I don't think there's been a more complicated time in my lifetime as a journalist than right now. I came to the Chronicle to be part of a group of people who want to make it better. I'm not at all satisfied with what we do every day, and I'm here to raise the bar very high and to change the whole culture of the newspaper. That's why they asked me to come here, and why I accepted the challenge. I had a lot of opportunities, and I think you'll see the paper change. One of the exciting things to me is that there are a lot of first-class journalists who are really interested in coming here now to meet the challenge.
That said, I think the paper is much better than the perception of it, and one of the things we try and do every day is try to get people to think outside of what is relevant to you; what matters to you. What can we do for the reader that's going to illuminate and give you insights into this complicated world we live in? And when you throw that together with the idea of actually covering the news and breaking news and surprising you and entertaining you and giving you consistent high-quality information - if you think about that, and do it in about ten hours every day and then produce the paper and get it on your doorstep or in your driveway, it's quite a job.
The key question to me is, What is relevant to our readers? What can we do to explain things? It's no longer the simple job of reporting the news. With all the information you receive, many of you know the headline, you've heard the news, and you want to know, What does it mean? What does it mean to me? It means something completely different to people. What a newspaper has to do - and what we're trying to do - is pick the subjects that are of most broad interest to people. It is the economy, education, the looming potential war. You have finite resources in a newsroom, and you have a huge range of skills. If everybody played at the same level, in terms of being a reporter or an editor, it would be a lot easier. The level should be very high, but the skill set really ranges.
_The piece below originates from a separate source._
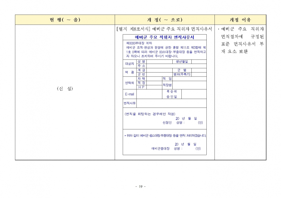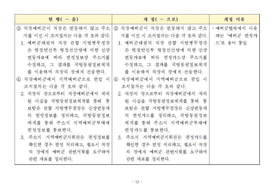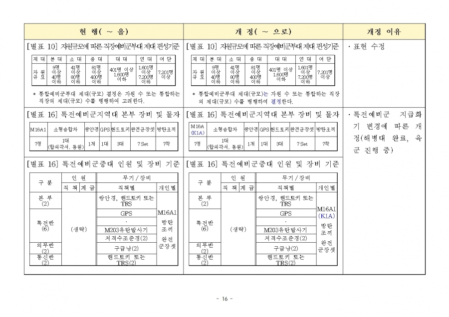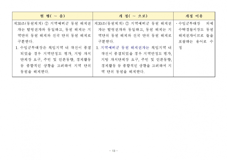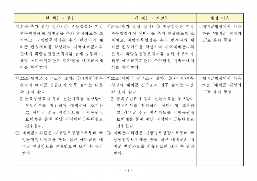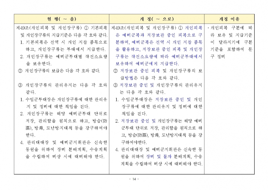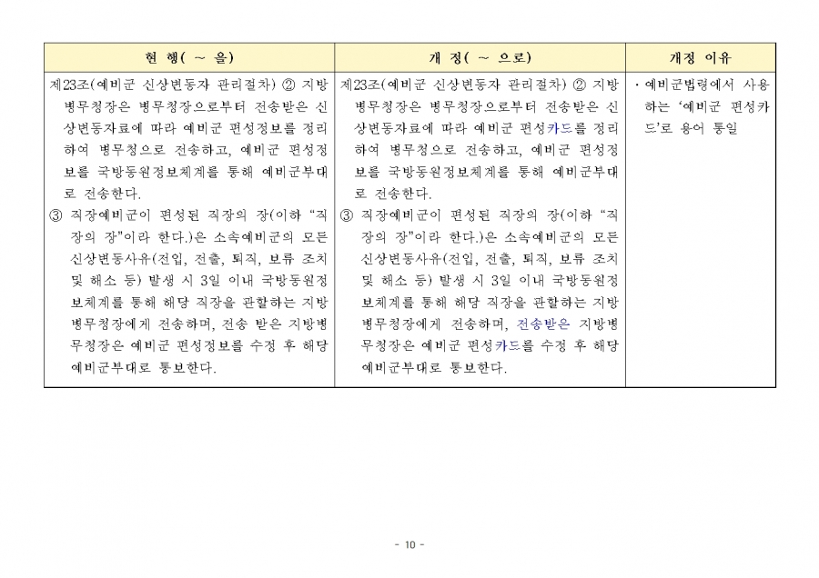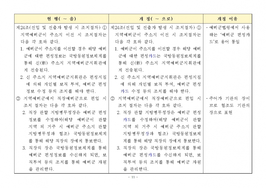 예비군 조직‧편성과 운영에 관한 훈령 개정 및 시행(24년 1월 19일부, 24년 전반기부터 적용) 신구조문대비표 사진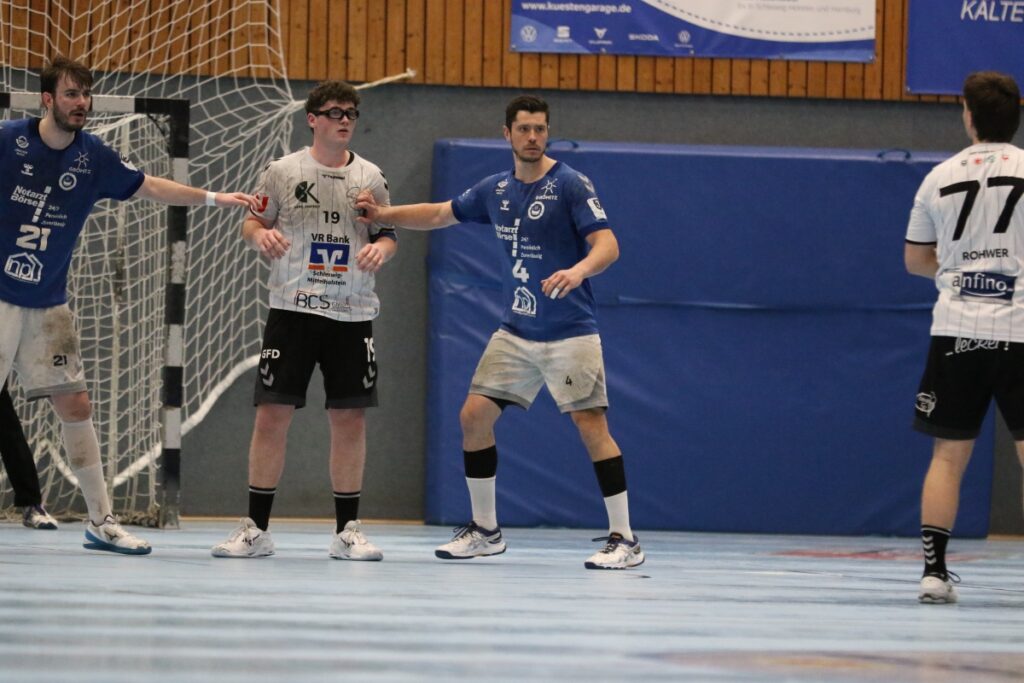 HSG-Legende Jonas Engelmann – der seine Karriere im Leistungshandball eigentlich schon beendet hatte und am vergangenen Wochenende als Spieler der 2. Mannschaft der HSG Ostsee die Meisterschaft in der Kreisliga feierte, gab sein Comeback für die 1. Herrenmannschaft – es war, als wäre er nie weg gewesen. Im Innenblock neben Abwehrchef Mats Schramm zeigte er sich körperlich in bester Verfassung und stellte die Hohner Offensive immer wieder vor neue Herausforderungen.

Education is absolutely crucial. We don't do a good enough job getting into the schools and telling people what's happening, and with the budget cuts pending, I don't think we were doing a good enough job laying out what the issues are. These are huge things that affect all of us. The environment. Go across the board. If I went through this room and asked each of you, "What are the five key areas you want to know more about?" we might get 200 items that we're supposed to reflect and get in the paper. We need to sort these things and create priorities. A newspaper as big as the Chronicle - and it's a fairly big newspaper, as big as The New York Times - cannot meet all the demands of the readers. Part of our job is to make priorities. The bottom line for me is always, What's the most important issue for the readers, what has the most relevance, what is going to make a difference in their lives?